Thankfully, receptivity today is quite different from what it was 10 to 15 years ago. A lot of investors in the private sector will realize that we can sequence proteins and, most importantly, they are going to begin to understand that our biology is proteoform-based. However, the Consortium of Top-Down Proteomics’ position is that this is a government play, just like it was for the Genome Project. It can absolutely be funded through established agency frameworks. The government can then be a catalyst to provide the definitive human reference proteome – just like it did in 2002 with the reference genome – and then everybody can feast on that information. That includes patients and advocacy groups, as well as companies and academic institutions discovering disease mechanisms and biomarkers. The project would vastly improve efficiency for basic and translational biomedical research.
So that’s the case for spending $130 million a year. The arguments in favor have always existed, but I think it’s important to think about receptivity, timing, the arc of history, and when the technology can be put in place to do it.
Is there a particular application area that you think might benefit most from the Human Proteoform Project?

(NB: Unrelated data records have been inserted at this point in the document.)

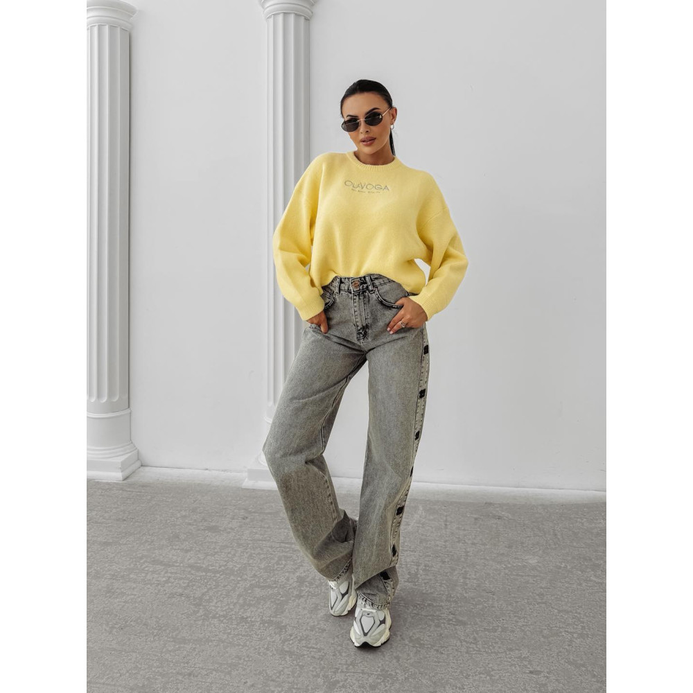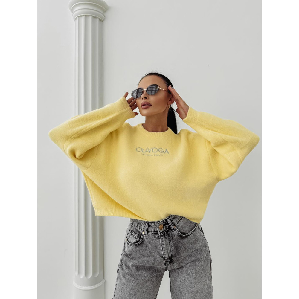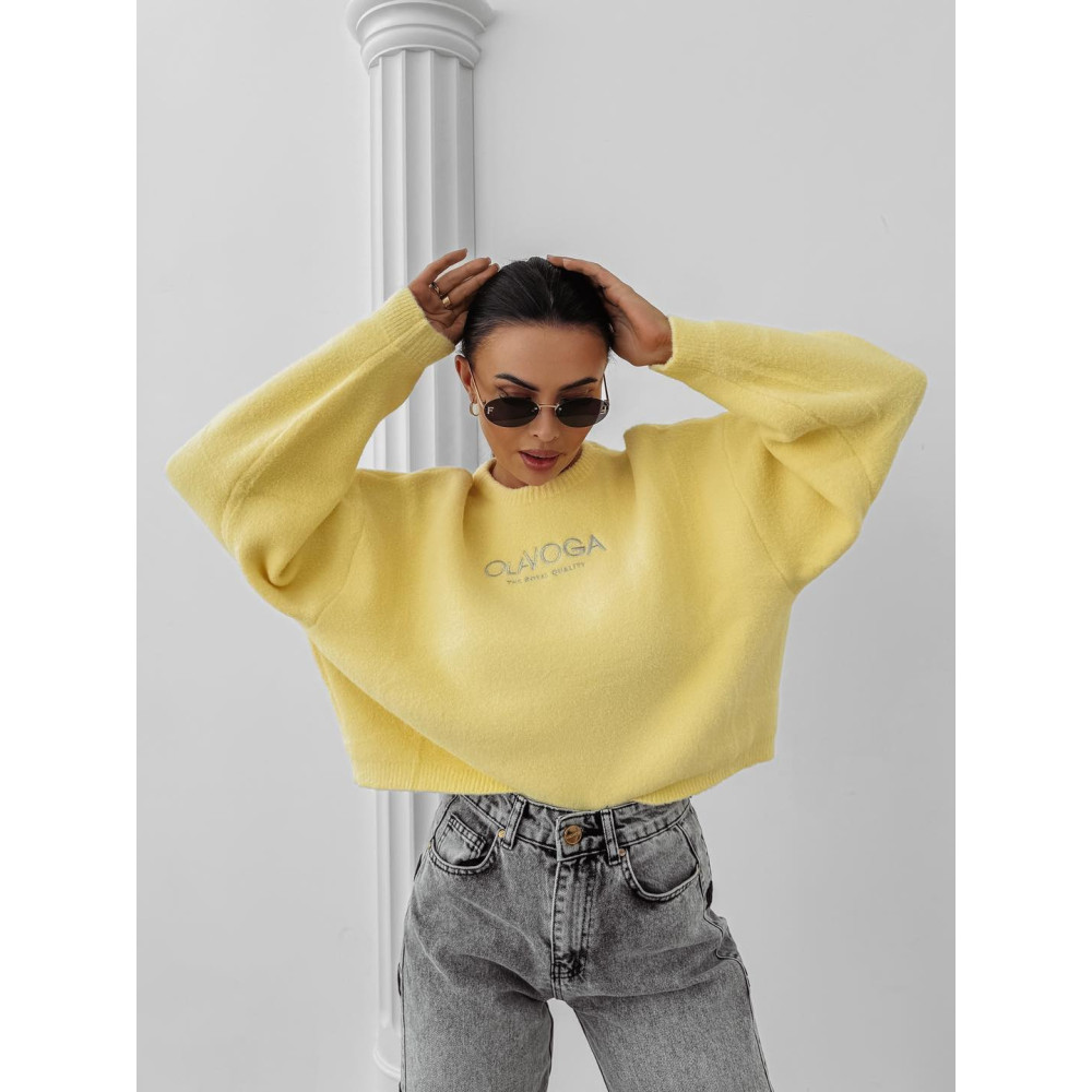 OLAVOGA sárga színű ejtett vállú kötött pulóver, elején márka logós hímzéssel. Rugalmas.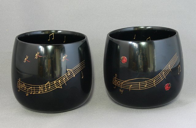 | カップの中にも楽譜を飛ばしました。それからひっくり返すともう一匹トンボとテントウ虫が隠れています。 |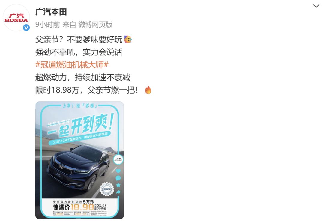 6月15日,广汽本田官方宣布,冠道全系限时优惠5万元,优惠后售价为18.98万元起。作为参考,此前冠道售价区间为23.98-32.98万元。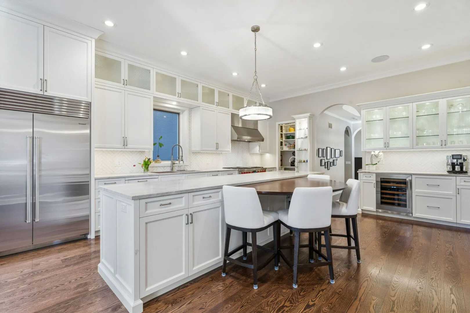 This exceptional 5-bedroom, 4-full and 1-half-bath residence offers over 5,000 square feet of meticulously updated living space across four expansive levels. Ideally situated on one of the most sought after blocks in prestigious East Lincoln Park. This home showcases refined architectural details and high-end finishes throughout, reflecting an uncompromising attention to detail. The fabulous gourmet kitchen features custom white cabinetry, quartzite countertops, 12ft island, warming drawer, counter seating and top-of-the-line appliances including Wolf, Sub-Zero, and Bosch. Beautifully designed walk-in pantry with custom cabinetry and quartzite countertop. The beverage/coffee bar includes wine fridge and refrigerator drawer. The kitchen opens to a cozy sitting area and flows seamlessly to a deck for grilling, which leads to a spectacular rooftop deck with pergola above the garage, perfect for outdoor enjoyment. The designer powder room with floating vanity and vessel sink is accented by a striking glass tiled feature wall. The sun filled living room with a quartzite stone fireplace, oversized arched windows, tray ceiling, crown molding, recessed lighting and rich hardwood floors adds elegance and sophistication. Gracious formal dining room is perfect for family gatherings. Second level offers 3 bedrooms, 2 full baths, and laundry closet. Luxurious primary suite with redesigned fireplace, spa bath with jetted soaking tub, oversized shower, double vanity, dual walk-in closets and a private deck. Spacious second bedroom features a fireplace and ensuite bath while the third bedroom shares a hall bath. Top level offers a versatile and impressive living space, including a large family room with skylights, wet bar, and a full wall of French doors opening to a private deck. A fourth bedroom or office with a full bath has two walls of rich wood bookcases with a rolling ladder leading to a private terrace with tree top and skyline views. Lower level offers a spacious recreation room with heated floors, fireplace, 5th bedroom, full bath, second laundry room, and an abundance of storage. Walk-out to private patio from the lower level family room. The homes 2.5-car garage is equipped with EV-ready 220 line. Incredible outdoor space throughout this home. Home improvements include New Roof (2021), 3 New HVAC systems (2022), Complete Kitchen Renovation (2022), New heated tile floor in family room (2022), Refurbished all hardwood floors (2022), Interior freshly painted (2022) and much more. See Additional Information on the MLS for more home improvements. Truly turnkey luxury in an unbeatable location near parks, shops, restaurants, lakefront, Lincoln Park Zoo and top-rated schools. A must see to appreciate all the incredible improvements this home has to offer.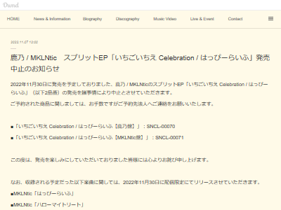 鹿乃 / MKLNtic スプリットEP「いちごいちえ Celebration / はっぴーらいふ」発売中止のお知らせ | 鹿乃 official site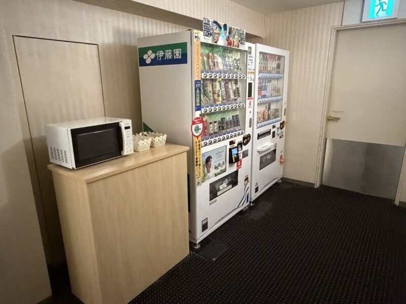 飲料の自販機が2台と電子レンジが共用スペースにあります。(たぶん各階に)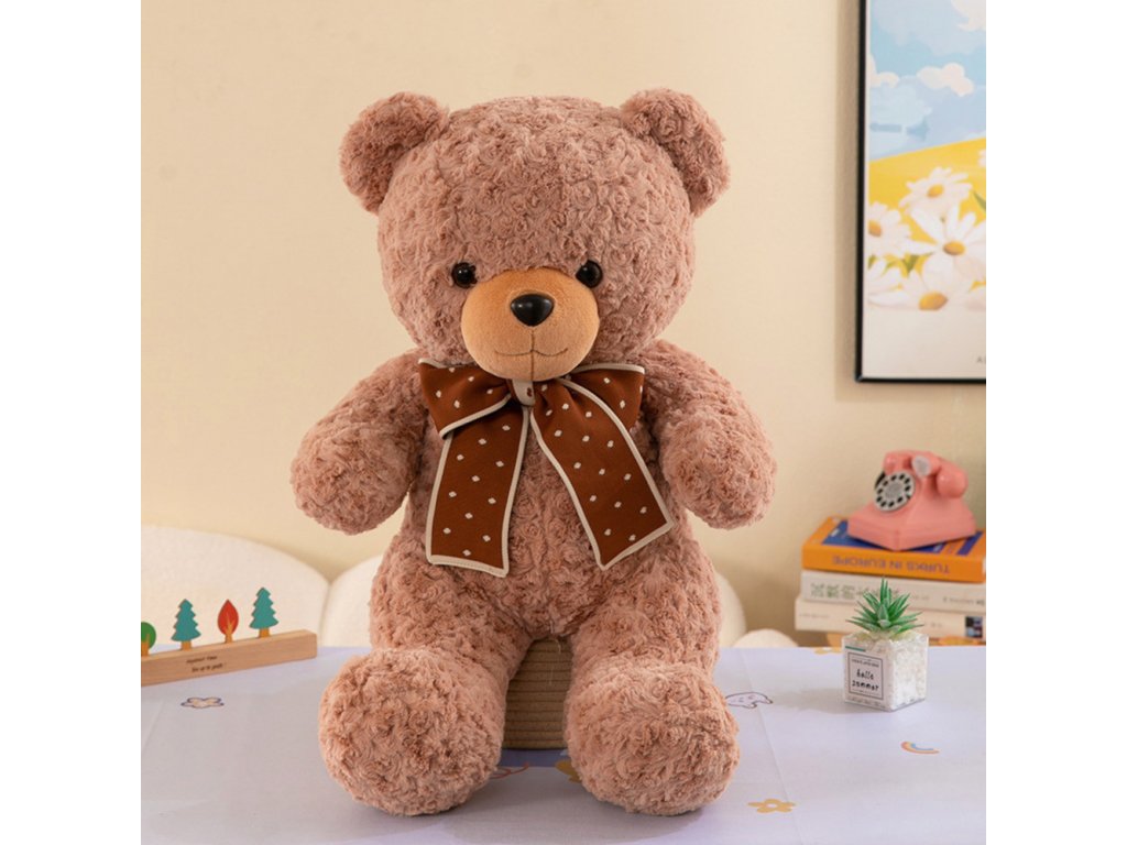 Plyšový maskot mazlivý medvěd s mašlí puntíkovaný 45 cm
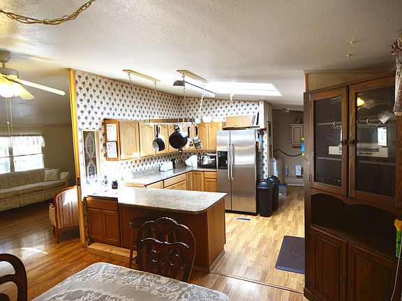 Experience country living in this well maintained manufactured home on acreage. 3 bedroom, 2 bath. Has recent metal roof on both home and garage. All bedrooms have new carpet. Entire interior recently professionally repainted. Garage has office-work area in addition to auto storage area. Fenced garden spot. Prior owner had generator with switch installed in case of power outage. Home has large fenced back yard for pets. Listing agent is related to seller.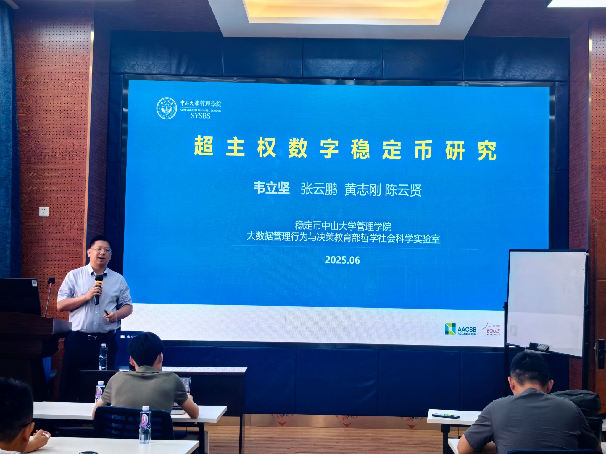 2025年6月10日上午,中山大学管理学院韦立坚教授应邀为太阳官网师生带来一场题为“超主权数字稳定币研究”的学术讲座。本次学术活动由太阳集团tcy8722副院长马锋教授主持,学院部分教师及研究生参加了此次活动。马锋副院长首先介绍了韦立坚教授的学术背景与成就,并代表学院对韦立坚教授表示热烈的欢迎与诚挚的感谢。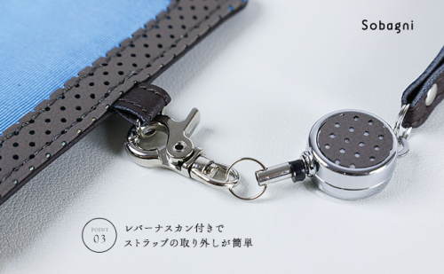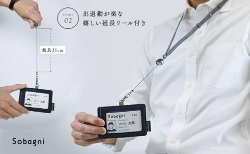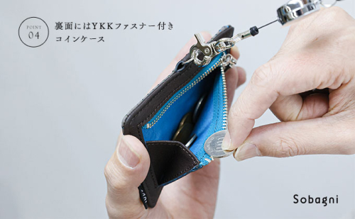 - エシカルレザーSobagni IDカード ホルダー 雑貨 小物 長さ調整可 リール付き 取り外し可 コインスペース ファスナー YKK製 ユニセックス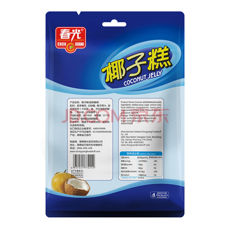 商品相册:春光食品 海南特产 椰子糕 160g 儿童水果软糖 婚庆喜糖 休闲零食第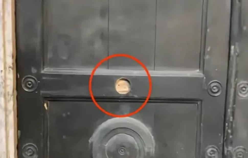 «Βρισκόμαστε δίπλα στην αυτοκρατορική πύλη που είναι ένα από τα πιο σημαντικά σημεία της Αγίας Σοφίας. Δίπλα ακριβώς στην πύλη υπάρχει μια πολύ θλιβερή εικόνα. Δείτε υπάρχουν πολλά εμβλήματα αλλά ένα εξ αυτών δεν υπάρχει αυτή την στιγμή. Ή εκλάπη ή εξαφανίστηκε», αναφέρει ο δημοσιογράφος και δείχνει το σημείο στην κεντρική πύλη από την οποία διέρχονται καθημερινά εκατοντάδες κόσμου.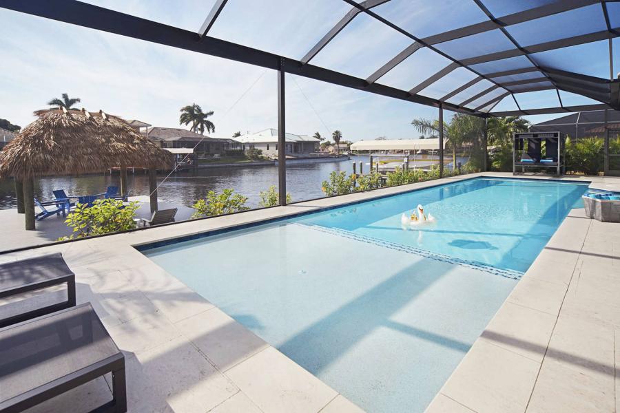 Villa Azzuri – der Name symbolisiert die Farbe blau. Genau wie das Wasser und der Himmel schimmert es in dieser Villa in den verschiedensten Blautoenen, weshalb Sie sich hier direkt im Paradies angekommen fuehlen. Das Haus liegt im beliebten Suedwesten von Cape Coral, super zentral zu Allem.
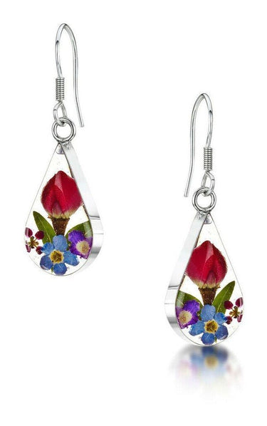 Shrieking Violet Silver Teardrop Earrings with Mixed Flowers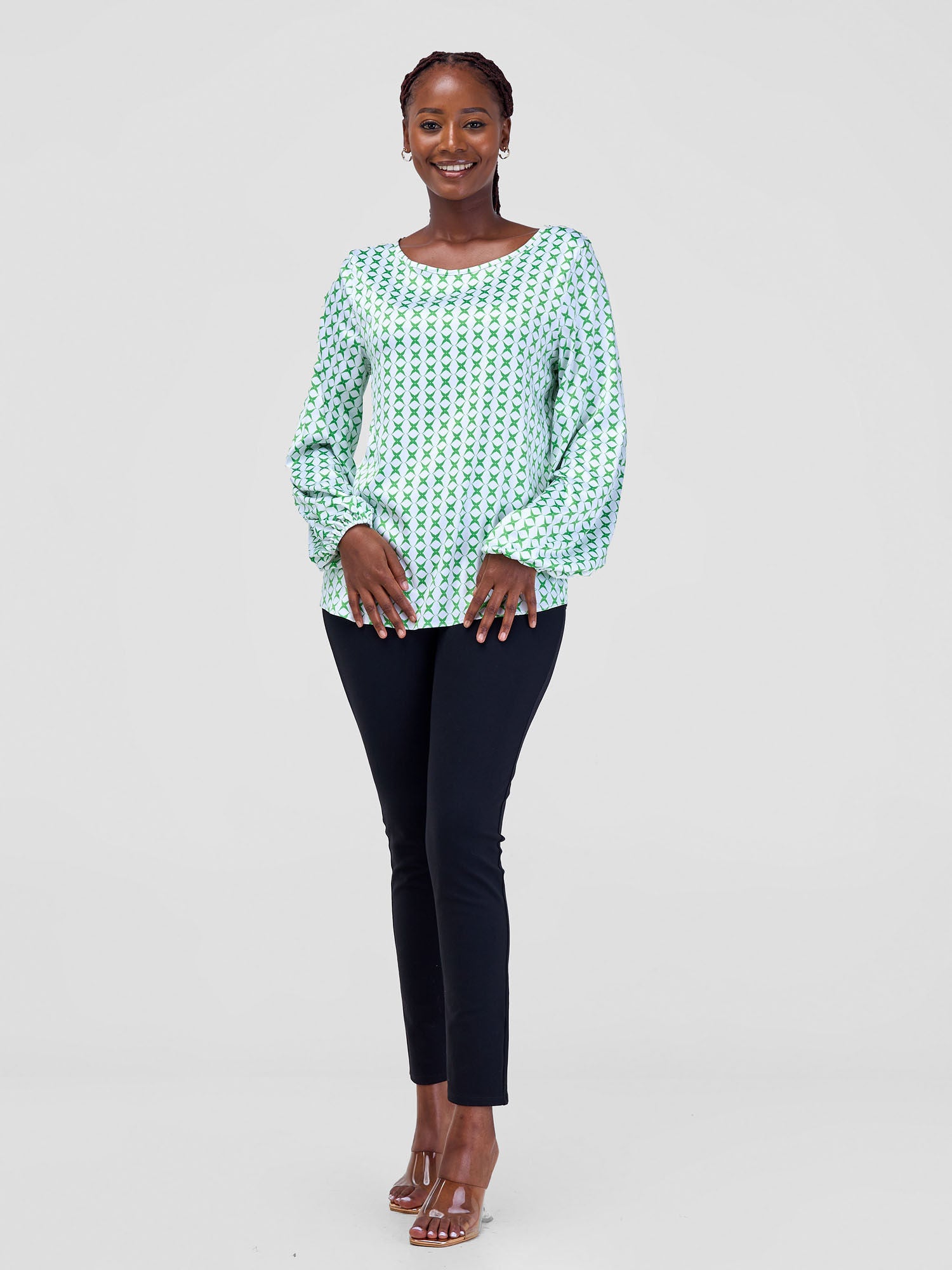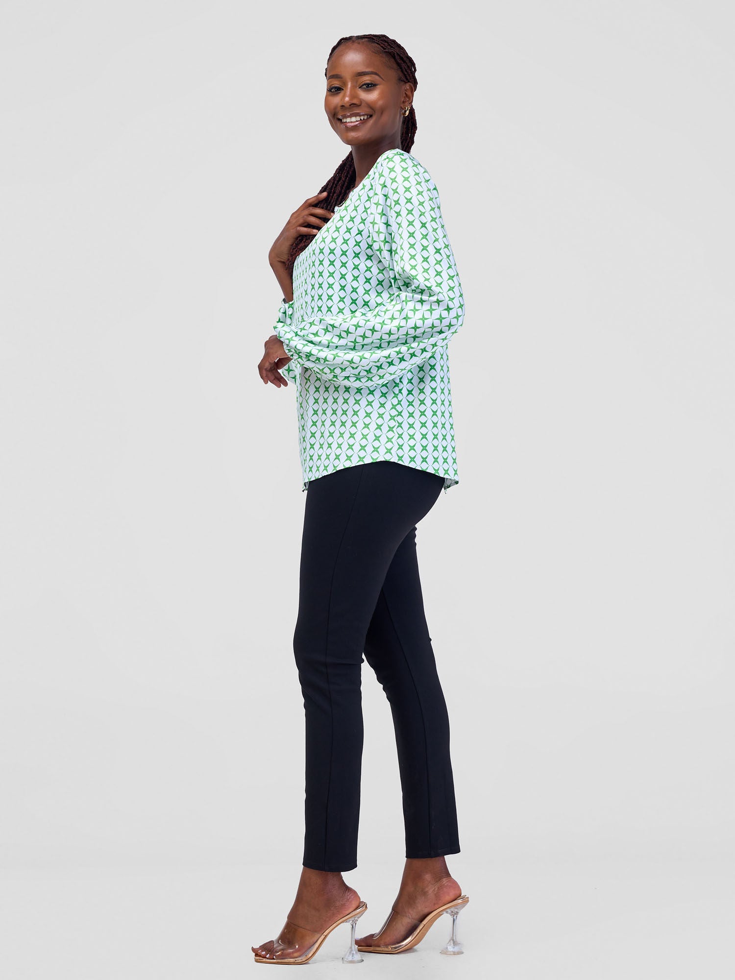 Vivo Basic Satin Bishop Sleeved Top - White / Green Clover Print

Proteins and proteoforms are involved in all human disease; there is not a single human disease that does not involve proteins. So it’s that fundamental.
That said, I think neurodegeneration will be a key area to benefit from this project. We have yet to apply the planet’s best technologies to protein-based diseases such as Alzheimer’s, Parkinson’s, amyotrophic lateral sclerosis (ALS), upper motor neuron disease, and frontotemporal dementia. All of these disorders involve proteins going bad.
When we eventually have the right technology, regenerative medicine will also benefit majorly from the Human Proteoform Project. Unfortunately, we don’t currently have the tools to meet the scale of the analytical challenge. So, to me, the question is – how are we going to get there? Are we going to do it slowly? Or are we going to invest in a moonshot to get it done in the next decade?
- LM Smith et al., “The human proteoform project: defining the human proteome,” Sci Adv, 7, eabk0734 (2021). DOI: 10.1126/sciadv.abk0734.